Happy workers at the office are essential for maintaining a good, professional environment. Yet, several workplace myths may be counterproductive to keeping people happy in their cubicles for eight hours a day. The happiest employees separate their personal and professional lives, love bosses who are effective leaders and do not want to get over-stimulated at the office.
One common workplace myth is that bosses are responsible for providing happiness to their subordinates. Managers need to realize one aspect of human behavior is that happiness, and other emotions, are internally generated in response to external stimuli based on previous experiences in similar circumstances. For example, workers had stress, worries, dilemmas, family obligations and issues before they were hired, and they will have the same anxieties long after they leave the company.
When an aberrant situation occurs at the office, some employees may feel apathy, fear, sympathy, sadness, regret or joy. What is felt depends on how individuals react to the same stimuli. If 12 people witness the same messy dilemma at work, they feel 12 different sets of emotions. It is not the job of a boss at work to create happy workers. However, department heads can attempt to mitigate sour feelings by maintaining a welcoming environment at the office.
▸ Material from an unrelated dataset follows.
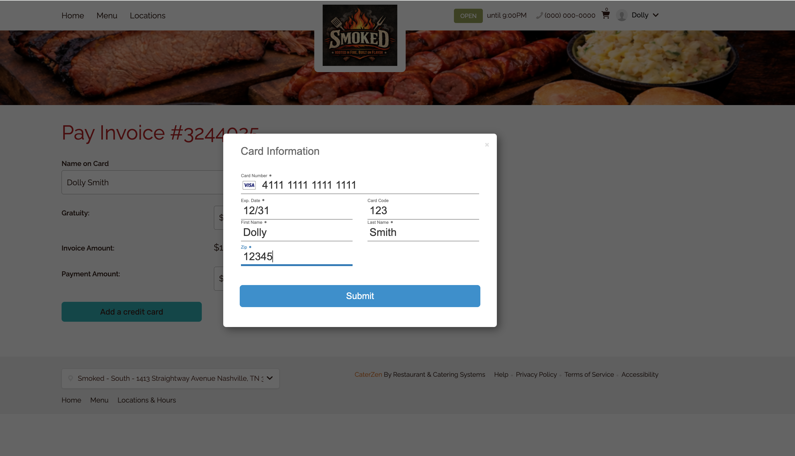 - The Customer can enter credit card information and click Submit
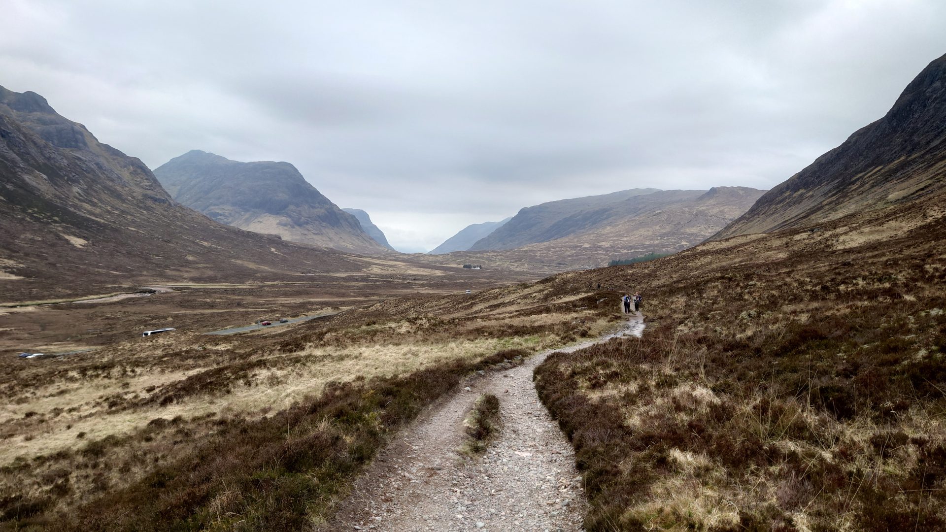 De første 5km går langs bjergsiden med vejen til venstre. Bilerne kan for det meste høres, men det er ikke meget generende. Udsigten er betagende smuk, med de bare og mørke skotske bjerge til begge sider.

Allow employees to have their quirks and temperaments as long as personal issues do not interfere with production and output. When the bottom line is affected, it is time to do something. Some days a boss may lighten the mood and other days bring down the hammer.
Another major workplace myth is that employees love bosses who are "good guys" or managers who everybody likes. Instead of a "best bud" at the office, workers want someone who can effectively lead a team. A manager leads by example, and that person cannot expect his subordinates to have a sunny disposition the entire time at work, which puts too much pressure on the staff to live up to the boss' example.
Instead, managers need to be well-rounded and keep several things in mind when presenting themselves to employees. Quickly dispel the workplace myth that supervisors should be happy all the time by sharing a personal story that is serious, emotional and funny simultaneously. Such stories are lessons that instantly let an employee know that any workplace issue can be brought up freely. Well-rounded managers deal with serious issues on a daily basis, and employees should be able to bring critical office issues to their bosses.
Another workplace myth is that happiness equals engagement. Contrarily, there can be too much of a "good thing" for employees. When concepts are overdone regularly, workers lose interest. Having a staff meeting every Wednesday is good, just do not overdo the same boring routine every week. Mix things up a bit to keep employees interested.
Employees can, and should, find happiness at work. Another workplace myth is that humans become robots in their cubicles. Supervisors do not want to work with automatons but with flesh-and-blood people who have the right passion for their jobs. The office is a possible outlet for finding happiness, yet the workplace is not the ultimate expression of life's joy.